Author: Dr. Monika (HOD, Occupational Therapy) | 28th August 2025
A Lifetime Bond
The bond between siblings is often considered one of the strongest, sometimes as powerful as that between a parent and child. When this bond is shared between a brother and sister, it takes on an even more special meaning. The moment when a brother pledges to protect his sister for life, and the sister seals that promise by tying a sacred thread (rakhi) on his wrist, is one of the most emotional moments parents witness year after year.
But what happens when a brother refuses to let his sister tie the rakhi, running away or having a meltdown? You cannot perhaps believe it. Yes, it does happen. As a professional who has worked with children with special needs for years, I can tell you that such moments can be heartbreaking for the sister and deeply emotional for the parents. After all, we Indians are known to be highly emotional, especially when it comes to festivals and traditions.
A Cause for Concern
The incidence of developmental disabilities among children is rising, and scenarios like the one described above are becoming more common. Why? Because many children have sensory issues that often go unnoticed or undiagnosed until they significantly affect day-to-day life.
Our brain controls everything including our emotions. When we hear, see, smell, touch, or taste something, signals are sent to the brain. These sensory inputs are connected like a multipurpose extension board, with incoming wires, multiple plug points, and outgoing connections. If too many inputs arrive at once or one socket isn’t working properly it can cause a “short circuit.” That is exactly what happens when a sensory system doesn’t receive, process, or deliver information correctly.
So, when a child refuses to wear a rakhi, it’s not about rejecting the sister or the ritual itself, it’s about rejecting the unfamiliar, bracelet-like object. Such children may also struggle with wearing new clothes, getting haircuts, walking on grass, using paints or glue, or even being hugged or kissed. Their discomfort is far greater than we can usually imagine.
The rituals of Raksha Bandhan performing arti, applying a teeka, tying the rakhi, and offering sweets can all be overwhelming for a child with sensory sensitivities. Standing still during arti, hearing the ringing bell, looking at the flame, tolerating the texture of the teeka with rice, or eating sweets they dislike – all these experiences can trigger distress. Even something as small as the heat in a room, where the fan has been switched off to protect the diya’s flame, can add to the child’s discomfort.

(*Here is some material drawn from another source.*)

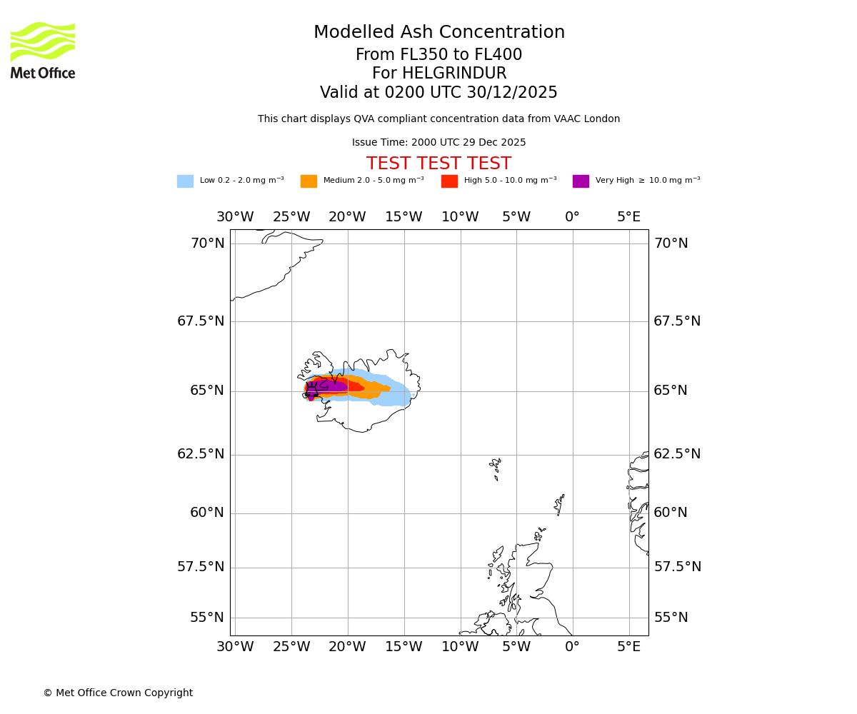 Modelled ash concentration from 350 to 400 for HELGRINDUR. Valid at 2300 UTC 29/12/2025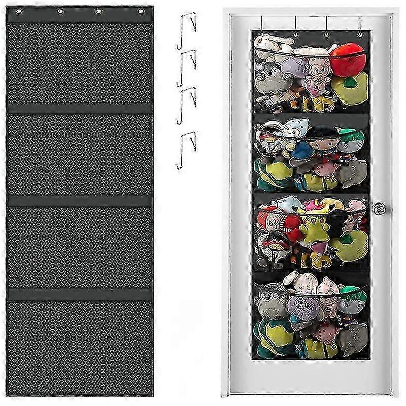 Storage Bag for Stuffed Animals Over Door, Plush Toy Storage Bag, Stuffed Animal Hanging Shelves Bag with 4 Large Mesh Pockets

Unfortunately, parents often face criticism from relatives or “well-wishers,” who may dismiss the child’s behaviour as drama, mischief, or even label it as a bad omen (ashubh).
A Wake-Up Call
If your child reacts adversely, don’t rush to reprimand him. Instead, try to understand the cause. If it happens only once, you’ll know it’s just a one-off moment (parents always know); but if you see a recurring pattern, it’s time to take action.
The Way Forward
Seek help from a professional, such as an Occupational Therapist, trained in identifying and managing sensory issues. One effective approach for all parents (not just those of children with special needs) is to anticipate events and prepare children in advance.
This can be done by:
- Sharing stories about the festival.
- Looking through old family photographs.

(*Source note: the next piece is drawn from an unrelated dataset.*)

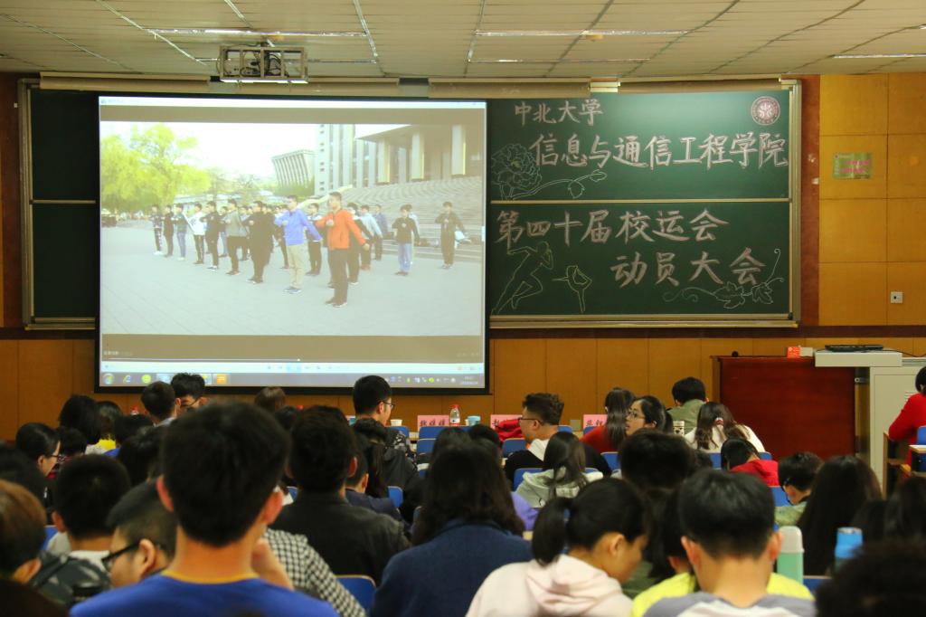 在宣布信息与通信工程学校第四十届动员大会的正式开始后,主持人介绍了到场嘉宾,并由全体奏唱了中北大学校歌。然后一起观看了激动人心的训练风采视频。

- Visiting the market together to experience the festive atmosphere.
- Role-playing the rituals with siblings before the big day.
Introduce each step gradually. Allow your child to touch the rakhi and related materials. If he’s uncomfortable, try making a rakhi with more tolerable textures. Use turmeric instead of kumkum for the teeka to avoid allergies. Reduce puja sounds to a comfortable level. For sweets, offer small alternatives like jaggery, honey, or even a raisin.

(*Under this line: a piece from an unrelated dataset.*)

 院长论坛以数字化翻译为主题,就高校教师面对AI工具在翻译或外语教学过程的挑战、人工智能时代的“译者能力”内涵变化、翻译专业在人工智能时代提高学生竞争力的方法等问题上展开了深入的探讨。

It’s okay if Raksha Bandhan is celebrated a little differently. The true essence lies in love, protection, and care – not in rigid rituals. With patience and time, children usually adapt, and one day… it will all become manageable.
When the Sister Has Sensory Issues
Of course, sensory sensitivities are not limited to brothers. If your daughter or sister struggles with them, the same approach applies with slight modifications.
The message is clear: festivals should bring joy, not stress. By being sensitive and adapting traditions, we can ensure Raksha Bandhan remains a celebration of love, comfort, and togetherness for every child.